The only point is, if there is a much greater level of being far above the "improved" state that you've found yourself after absorbing IJ (or some other art or hobby etc.), your "improved" state may lower your incentive to strive toward the ultimate state. You will have in effect been lulled into complacency, or made comfortable, in conditions under which you absolutely should not be complacent or comfortable with.

>> No.11348734

>>11348701
Well this is another thing that Wallace mentioned in interviews; that he's not necessarily anti-entertainment. In fact, the majority of people are just that--complacent. And if this society of consumers we've built is enough to satisfy a given person, all the more power to them. These people are probably the lucky ones.

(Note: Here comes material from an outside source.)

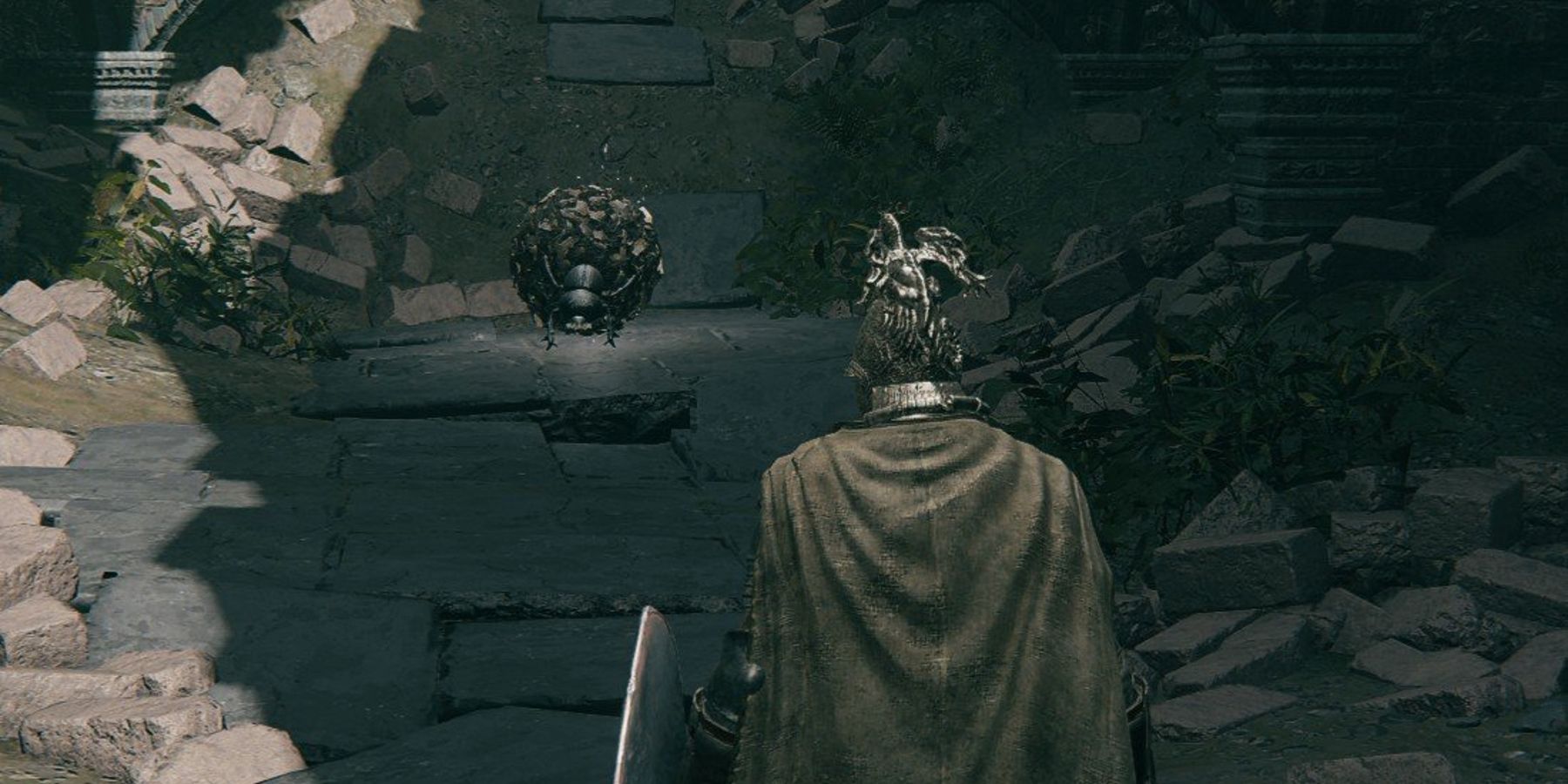Una de las criaturas más raras que se pueden encontrar en el mundo abierto son los escarabajos lágrima y las bolas que hacen rodar constantemente. Al igual que los lagartos de cristal de la serie Souls, estos escarabajos suelen contener valiosos tesoros que pueden ser reclamados por los jugadores si los matan a tiempo. El «a tiempo» es fundamental, ya que si no se les mata rápidamente, los escarabajos desaparecerán, desvaneciéndose en el aire y, por lo general, llevándose el preciado anillo de Elden Cenizas de Guerra.

Will you please share the "optimal level of living" you have in mind? I'm genuinely curious. I promise the conversation won't devolve.

>> No.11348741

>>11348734
the wilderness.

>> No.11348746

>>11348741
You've really done that? Like, camping?

>> No.11348752

>>11348701
>>11348606
DFW was against the idea of simply pointing out a problem and doing nothing, that was the basis of all of his criticisms against postmodernism, and he discusses solutions a lot in his interviews

>> No.11348760

>>11348746
not just camping. living with actual Hunter Gatherers.

>> No.11348771

>>11348752
his "solutions" were naive and impractical. And deep down even his fans know this.

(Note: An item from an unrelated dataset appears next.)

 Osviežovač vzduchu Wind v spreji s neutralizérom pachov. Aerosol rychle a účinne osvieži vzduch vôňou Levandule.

also, someone can criticize something all they want, that doesn't necessarily mean they're not themselves that thing.

>> No.11348778

>>11348760
I'm glad you've found that. I'll keep that in mind as an option; who knows, maybe someday I'll be ready.

>>11348771
>also, someone can criticize something all they want, that doesn't necessarily mean they're not themselves that thing.
This totally applies to David Foster Wallace. And I enjoy his work all the more for it. It's cathartic to know I'm not the only one undergoing such a crisis in identity. Split down the middle in that same kind of way.

>> No.11348781

I feel like making the effort to step into the zeitgeist of what made Infinite Jest what it is would make me a worse person.

>> No.11348786

>>11348771
How many times are you going to change your argument? Jesus christ

>> No.11348795

>>11348786
What do you mean?

>> No.11348818

>which like how many between newcomers do you suppose do
this is underrated. IJ is so damned comfy, but I hate that it subtly distills suicide thoughts into the reader's (or at least my) mind

>>11348541
you're right, anon. It only takes browsing a couple other threads to see people also shitting on GR, Ulysses, and any other book that's praised everywhere else by people who earnestly read them to realize that fuckers here aren't entirely to be trusted, and it's only worth browsing /lit/ for the occasional really well-done post.

>> No.11348880

>>11348173

It's also disturbing how quintessentially Anglo it is. It's simply the removal of salience from otherwise standard Anglo prose. Pointless roundabout, whimsy windup, diarrhetic sprawl - it's so common in everything from Shakespeare to Moby Dick to Joyce to Stephen King that there's hardly anything else to it. Anglos seem incapable of serious writing unless it's about Jews.

>> No.11348890

>>11348173
what happened to show dont tell ?

>> No.11348893

>>11348880
interesting perspective

>> No.11348931

>>11348890
This is a footnote of one endnote of the book's several hundred endnotes, the rhetorical purpose of which traditionally is to tell. He does however often subvert that tradition!